## The task:
Word for word, reproduce all entries below, leaving every picture out.

## Dataset records:
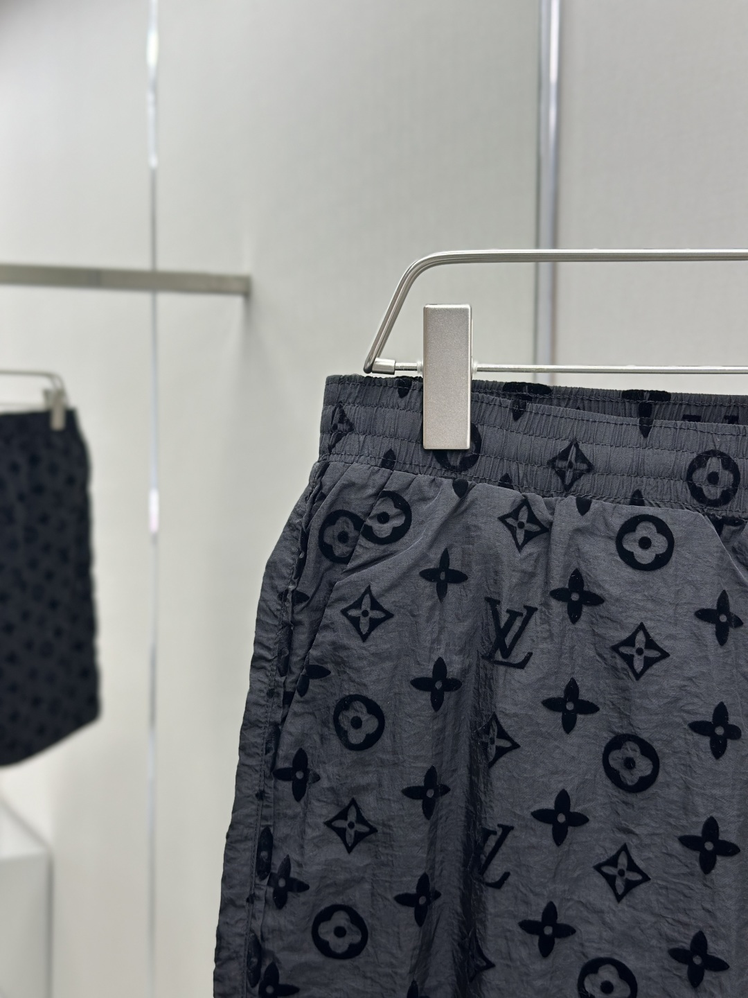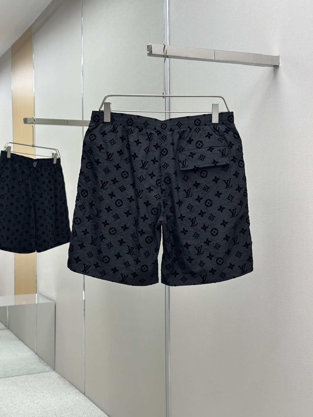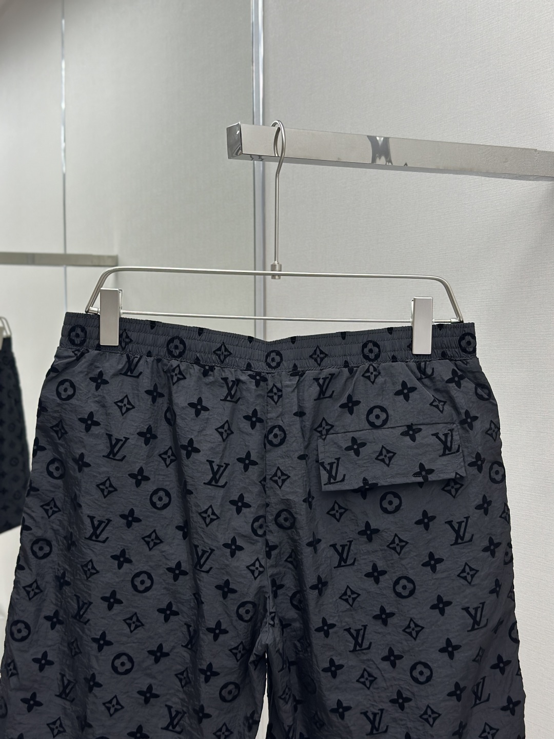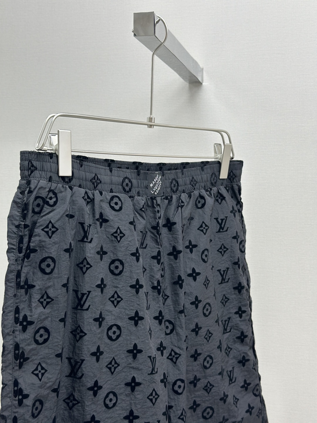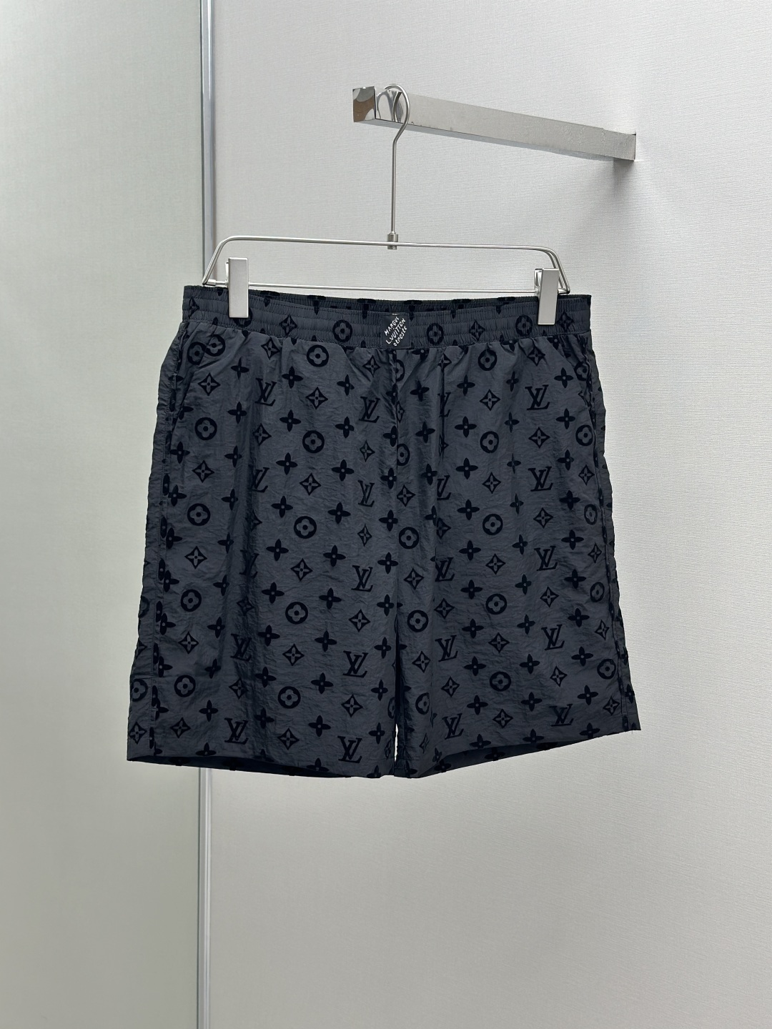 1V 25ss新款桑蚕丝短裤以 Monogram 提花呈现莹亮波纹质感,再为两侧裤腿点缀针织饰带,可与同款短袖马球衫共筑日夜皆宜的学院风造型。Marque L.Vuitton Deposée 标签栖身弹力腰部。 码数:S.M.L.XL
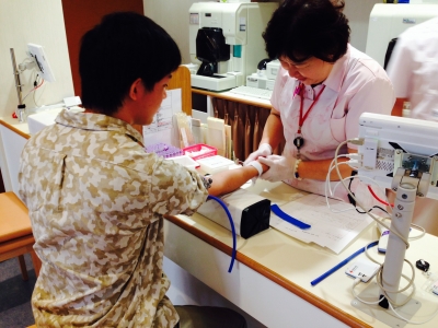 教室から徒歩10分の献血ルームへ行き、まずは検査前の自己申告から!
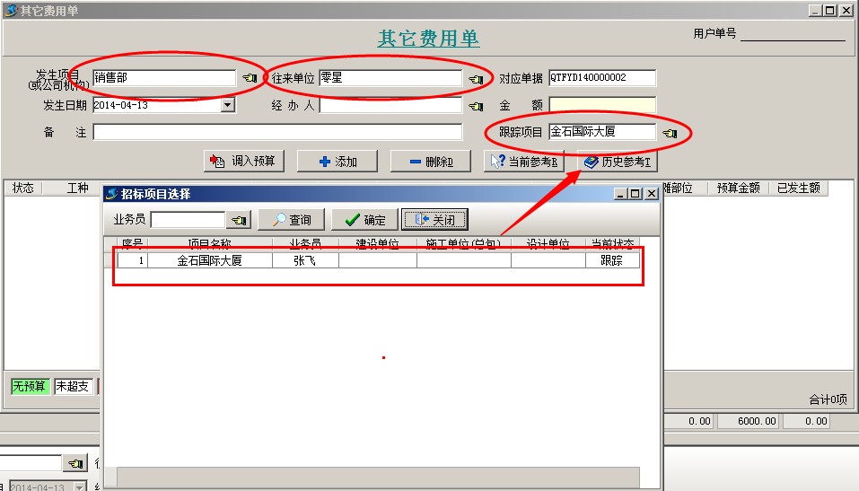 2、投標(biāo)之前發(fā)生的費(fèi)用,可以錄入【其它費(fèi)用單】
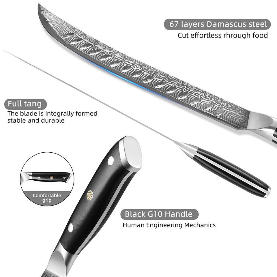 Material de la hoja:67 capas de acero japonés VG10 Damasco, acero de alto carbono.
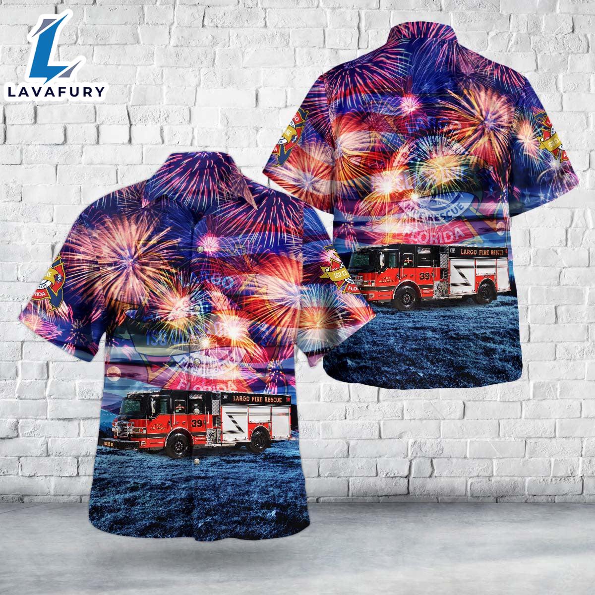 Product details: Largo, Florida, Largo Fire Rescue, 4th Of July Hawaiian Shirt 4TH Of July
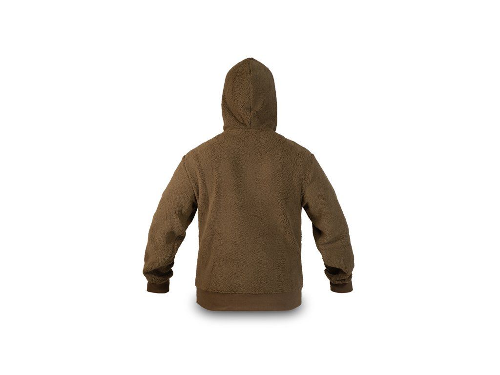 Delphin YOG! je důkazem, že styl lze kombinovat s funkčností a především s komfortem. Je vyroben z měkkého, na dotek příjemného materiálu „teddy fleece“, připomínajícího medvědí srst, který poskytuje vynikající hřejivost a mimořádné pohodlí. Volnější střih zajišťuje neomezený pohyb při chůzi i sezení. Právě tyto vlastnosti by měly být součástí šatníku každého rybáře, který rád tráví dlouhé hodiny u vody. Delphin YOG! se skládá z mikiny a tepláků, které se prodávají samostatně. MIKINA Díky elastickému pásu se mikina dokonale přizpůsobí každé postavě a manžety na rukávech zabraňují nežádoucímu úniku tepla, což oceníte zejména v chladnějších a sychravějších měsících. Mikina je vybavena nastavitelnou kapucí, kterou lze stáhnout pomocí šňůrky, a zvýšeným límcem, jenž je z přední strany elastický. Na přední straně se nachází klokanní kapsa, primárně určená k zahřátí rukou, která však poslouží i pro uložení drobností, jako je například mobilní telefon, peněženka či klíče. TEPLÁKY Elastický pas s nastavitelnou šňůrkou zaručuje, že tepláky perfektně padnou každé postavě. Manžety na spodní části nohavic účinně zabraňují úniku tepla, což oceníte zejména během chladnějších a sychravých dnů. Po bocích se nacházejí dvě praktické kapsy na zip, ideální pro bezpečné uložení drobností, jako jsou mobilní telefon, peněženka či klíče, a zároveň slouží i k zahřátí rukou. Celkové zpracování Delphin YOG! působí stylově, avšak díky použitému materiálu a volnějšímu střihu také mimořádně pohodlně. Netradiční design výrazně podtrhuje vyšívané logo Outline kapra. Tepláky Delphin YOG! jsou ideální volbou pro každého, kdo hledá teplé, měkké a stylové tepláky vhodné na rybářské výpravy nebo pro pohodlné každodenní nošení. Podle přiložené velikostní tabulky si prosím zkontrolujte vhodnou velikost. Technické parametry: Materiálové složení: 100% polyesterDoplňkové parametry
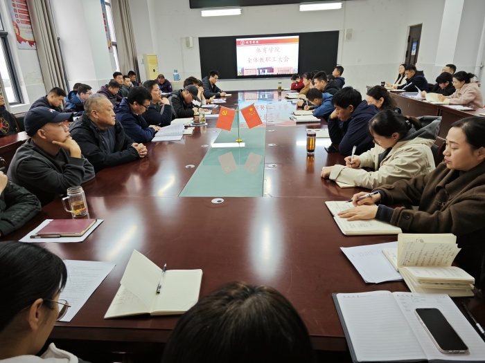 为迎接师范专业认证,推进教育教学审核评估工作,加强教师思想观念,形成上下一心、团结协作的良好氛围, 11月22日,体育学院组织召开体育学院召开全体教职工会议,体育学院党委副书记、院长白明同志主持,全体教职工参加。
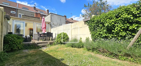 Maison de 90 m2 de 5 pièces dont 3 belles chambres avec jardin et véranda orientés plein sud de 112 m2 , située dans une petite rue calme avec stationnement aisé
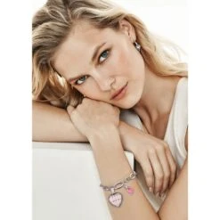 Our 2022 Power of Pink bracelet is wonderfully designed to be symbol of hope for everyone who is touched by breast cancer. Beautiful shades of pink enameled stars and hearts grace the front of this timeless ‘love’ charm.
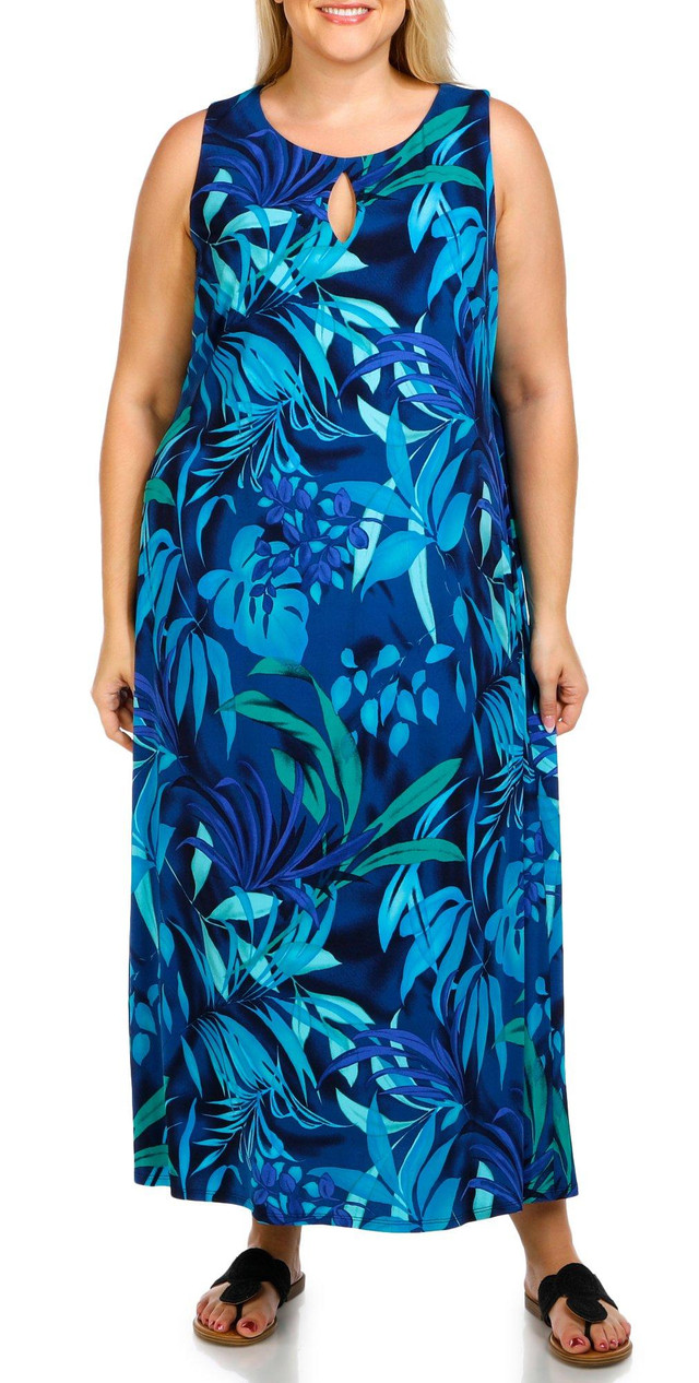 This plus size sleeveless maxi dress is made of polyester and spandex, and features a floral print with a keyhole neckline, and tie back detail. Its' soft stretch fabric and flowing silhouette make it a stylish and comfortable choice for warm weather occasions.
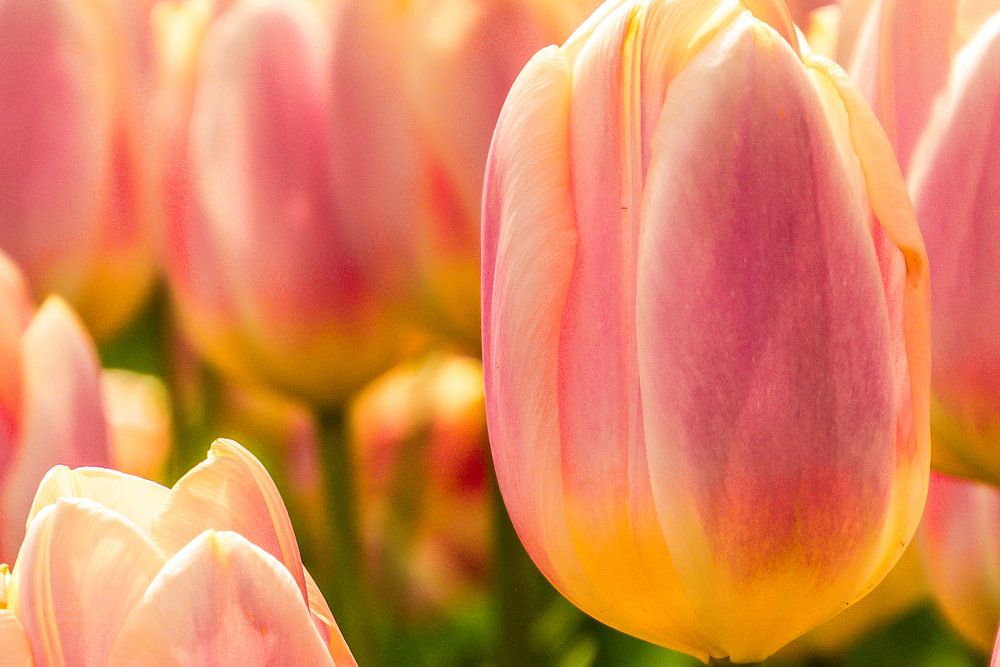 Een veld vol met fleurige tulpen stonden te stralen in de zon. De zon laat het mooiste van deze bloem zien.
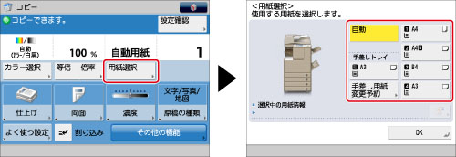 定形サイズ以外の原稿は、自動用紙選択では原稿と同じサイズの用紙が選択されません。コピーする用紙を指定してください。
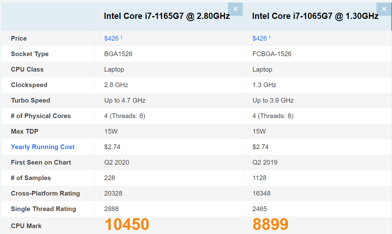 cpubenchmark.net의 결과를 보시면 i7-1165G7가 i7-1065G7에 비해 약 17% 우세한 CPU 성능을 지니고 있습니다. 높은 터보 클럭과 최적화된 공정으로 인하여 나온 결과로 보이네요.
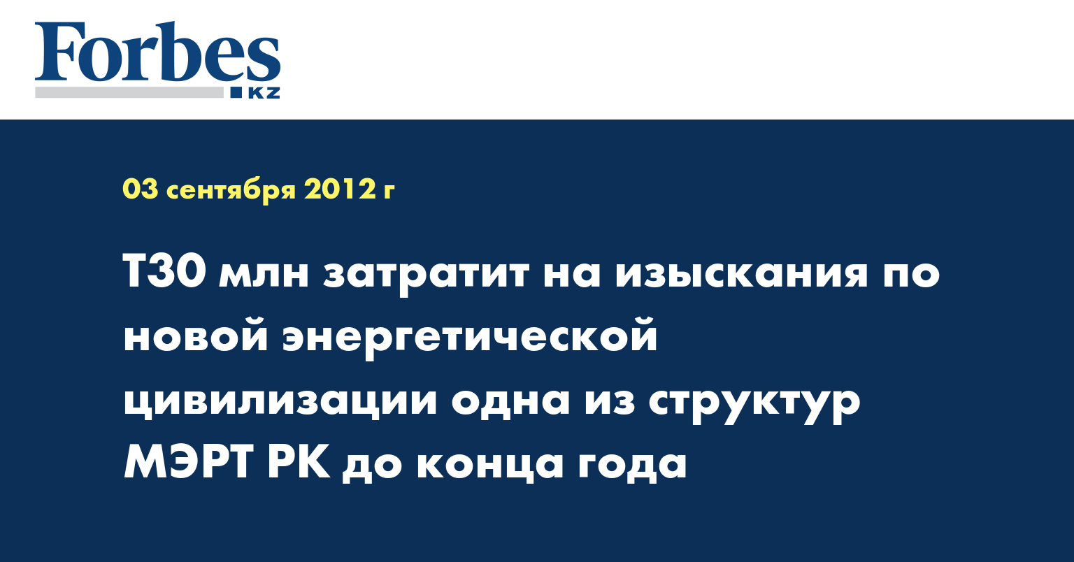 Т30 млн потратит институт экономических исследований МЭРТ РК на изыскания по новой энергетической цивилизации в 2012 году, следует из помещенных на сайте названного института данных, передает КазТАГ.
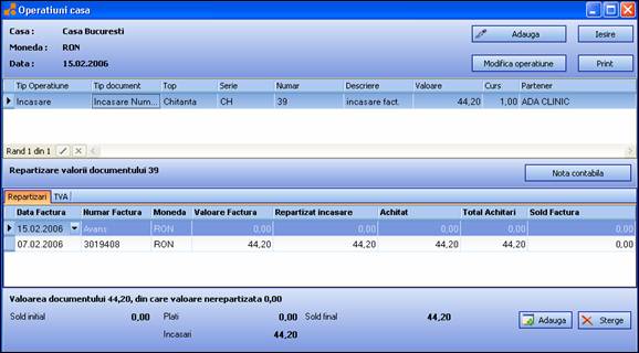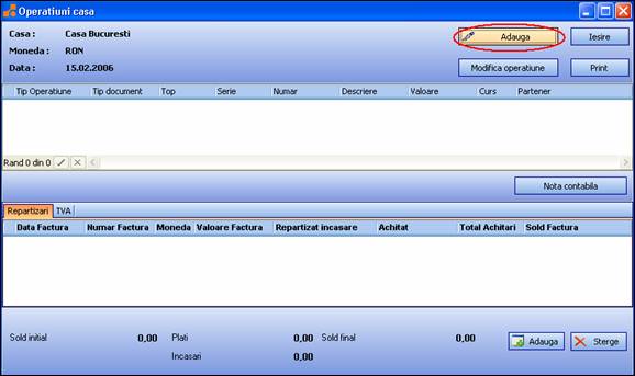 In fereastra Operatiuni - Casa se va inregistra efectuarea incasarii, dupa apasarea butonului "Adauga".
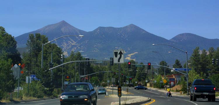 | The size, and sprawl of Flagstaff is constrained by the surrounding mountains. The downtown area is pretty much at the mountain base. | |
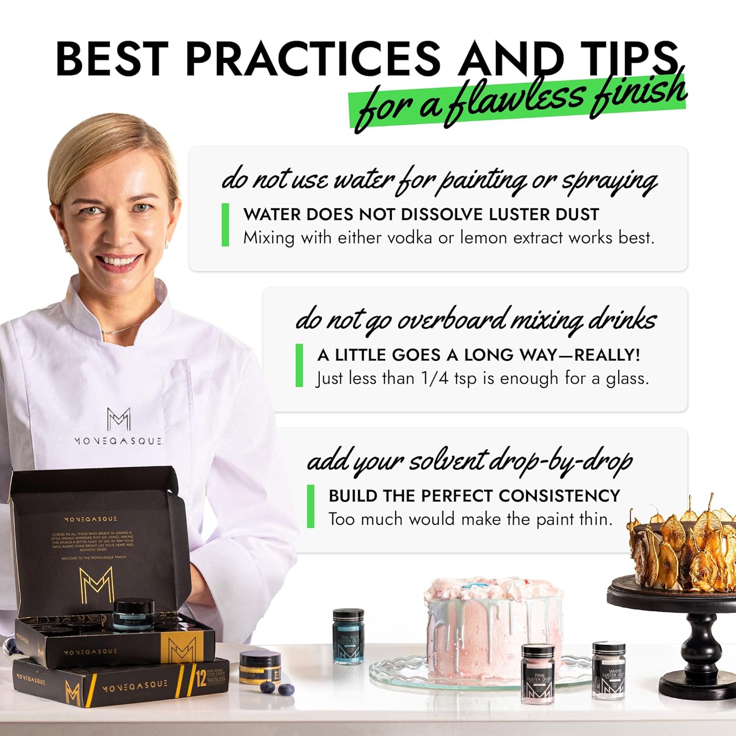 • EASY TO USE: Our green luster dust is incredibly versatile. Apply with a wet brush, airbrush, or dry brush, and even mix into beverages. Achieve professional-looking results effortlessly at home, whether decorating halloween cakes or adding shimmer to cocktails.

## Your solution:
 1V 25ss新款桑蚕丝短裤以 Monogram 提花呈现莹亮波纹质感,再为两侧裤腿点缀针织饰带,可与同款短袖马球衫共筑日夜皆宜的学院风造型。Marque L.Vuitton Deposée 标签栖身弹力腰部。 码数:S.M.L.XL
 教室から徒歩10分の献血ルームへ行き、まずは検査前の自己申告から!
 2、投標(biāo)之前發(fā)生的費(fèi)用,可以錄入【其它費(fèi)用單】
 Material de la hoja:67 capas de acero japonés VG10 Damasco, acero de alto carbono.
 Product details: Largo, Florida, Largo Fire Rescue, 4th Of July Hawaiian Shirt 4TH Of July
 Delphin YOG! je důkazem, že styl lze kombinovat s funkčností a především s komfortem. Je vyroben z měkkého, na dotek příjemného materiálu „teddy fleece“, připomínajícího medvědí srst, který poskytuje vynikající hřejivost a mimořádné pohodlí. Volnější střih zajišťuje neomezený pohyb při chůzi i sezení. Právě tyto vlastnosti by měly být součástí šatníku každého rybáře, který rád tráví dlouhé hodiny u vody. Delphin YOG! se skládá z mikiny a tepláků, které se prodávají samostatně. MIKINA Díky elastickému pásu se mikina dokonale přizpůsobí každé postavě a manžety na rukávech zabraňují nežádoucímu úniku tepla, což oceníte zejména v chladnějších a sychravějších měsících. Mikina je vybavena nastavitelnou kapucí, kterou lze stáhnout pomocí šňůrky, a zvýšeným límcem, jenž je z přední strany elastický. Na přední straně se nachází klokanní kapsa, primárně určená k zahřátí rukou, která však poslouží i pro uložení drobností, jako je například mobilní telefon, peněženka či klíče. TEPLÁKY Elastický pas s nastavitelnou šňůrkou zaručuje, že tepláky perfektně padnou každé postavě. Manžety na spodní části nohavic účinně zabraňují úniku tepla, což oceníte zejména během chladnějších a sychravých dnů. Po bocích se nacházejí dvě praktické kapsy na zip, ideální pro bezpečné uložení drobností, jako jsou mobilní telefon, peněženka či klíče, a zároveň slouží i k zahřátí rukou. Celkové zpracování Delphin YOG! působí stylově, avšak díky použitému materiálu a volnějšímu střihu také mimořádně pohodlně. Netradiční design výrazně podtrhuje vyšívané logo Outline kapra. Tepláky Delphin YOG! jsou ideální volbou pro každého, kdo hledá teplé, měkké a stylové tepláky vhodné na rybářské výpravy nebo pro pohodlné každodenní nošení. Podle přiložené velikostní tabulky si prosím zkontrolujte vhodnou velikost. Technické parametry: Materiálové složení: 100% polyesterDoplňkové parametry
 为迎接师范专业认证,推进教育教学审核评估工作,加强教师思想观念,形成上下一心、团结协作的良好氛围, 11月22日,体育学院组织召开体育学院召开全体教职工会议,体育学院党委副书记、院长白明同志主持,全体教职工参加。
 Maison de 90 m2 de 5 pièces dont 3 belles chambres avec jardin et véranda orientés plein sud de 112 m2 , située dans une petite rue calme avec stationnement aisé
 Our 2022 Power of Pink bracelet is wonderfully designed to be symbol of hope for everyone who is touched by breast cancer. Beautiful shades of pink enameled stars and hearts grace the front of this timeless ‘love’ charm.
 This plus size sleeveless maxi dress is made of polyester and spandex, and features a floral print with a keyhole neckline, and tie back detail. Its' soft stretch fabric and flowing silhouette make it a stylish and comfortable choice for warm weather occasions.
 Een veld vol met fleurige tulpen stonden te stralen in de zon. De zon laat het mooiste van deze bloem zien.
 定形サイズ以外の原稿は、自動用紙選択では原稿と同じサイズの用紙が選択されません。コピーする用紙を指定してください。
 cpubenchmark.net의 결과를 보시면 i7-1165G7가 i7-1065G7에 비해 약 17% 우세한 CPU 성능을 지니고 있습니다. 높은 터보 클럭과 최적화된 공정으로 인하여 나온 결과로 보이네요.
 Т30 млн потратит институт экономических исследований МЭРТ РК на изыскания по новой энергетической цивилизации в 2012 году, следует из помещенных на сайте названного института данных, передает КазТАГ.
 In fereastra Operatiuni - Casa se va inregistra efectuarea incasarii, dupa apasarea butonului "Adauga".
 | The size, and sprawl of Flagstaff is constrained by the surrounding mountains. The downtown area is pretty much at the mountain base. | |
 • EASY TO USE: Our green luster dust is incredibly versatile. Apply with a wet brush, airbrush, or dry brush, and even mix into beverages. Achieve professional-looking results effortlessly at home, whether decorating halloween cakes or adding shimmer to cocktails.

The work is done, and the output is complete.